= Task instructions =
Range to output from the entries below: the line containing "5.2 同一時段只能標記一種" through the line containing "Karl Christian Krumpholz". Set it down exactly, ends included, nothing else.

= Provided information =
========================================

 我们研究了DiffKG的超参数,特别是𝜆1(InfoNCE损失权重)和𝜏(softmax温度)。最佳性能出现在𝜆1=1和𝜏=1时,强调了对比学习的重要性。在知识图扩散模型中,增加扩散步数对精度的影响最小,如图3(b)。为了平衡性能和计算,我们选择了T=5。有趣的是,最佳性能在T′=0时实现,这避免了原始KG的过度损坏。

========================================

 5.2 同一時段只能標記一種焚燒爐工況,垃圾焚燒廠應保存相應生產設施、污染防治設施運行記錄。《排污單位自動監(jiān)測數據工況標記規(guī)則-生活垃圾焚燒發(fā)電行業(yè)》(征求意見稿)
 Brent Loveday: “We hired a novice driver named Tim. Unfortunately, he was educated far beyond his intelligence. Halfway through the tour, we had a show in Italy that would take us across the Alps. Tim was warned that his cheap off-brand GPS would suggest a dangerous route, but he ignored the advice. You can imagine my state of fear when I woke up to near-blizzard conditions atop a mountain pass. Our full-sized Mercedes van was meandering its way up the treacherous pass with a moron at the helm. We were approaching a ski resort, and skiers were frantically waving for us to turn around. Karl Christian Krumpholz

========================================

= Finished exercise =
 5.2 同一時段只能標記一種焚燒爐工況,垃圾焚燒廠應保存相應生產設施、污染防治設施運行記錄。《排污單位自動監(jiān)測數據工況標記規(guī)則-生活垃圾焚燒發(fā)電行業(yè)》(征求意見稿)
 Brent Loveday: “We hired a novice driver named Tim. Unfortunately, he was educated far beyond his intelligence. Halfway through the tour, we had a show in Italy that would take us across the Alps. Tim was warned that his cheap off-brand GPS would suggest a dangerous route, but he ignored the advice. You can imagine my state of fear when I woke up to near-blizzard conditions atop a mountain pass. Our full-sized Mercedes van was meandering its way up the treacherous pass with a moron at the helm. We were approaching a ski resort, and skiers were frantically waving for us to turn around. Karl Christian Krumpholz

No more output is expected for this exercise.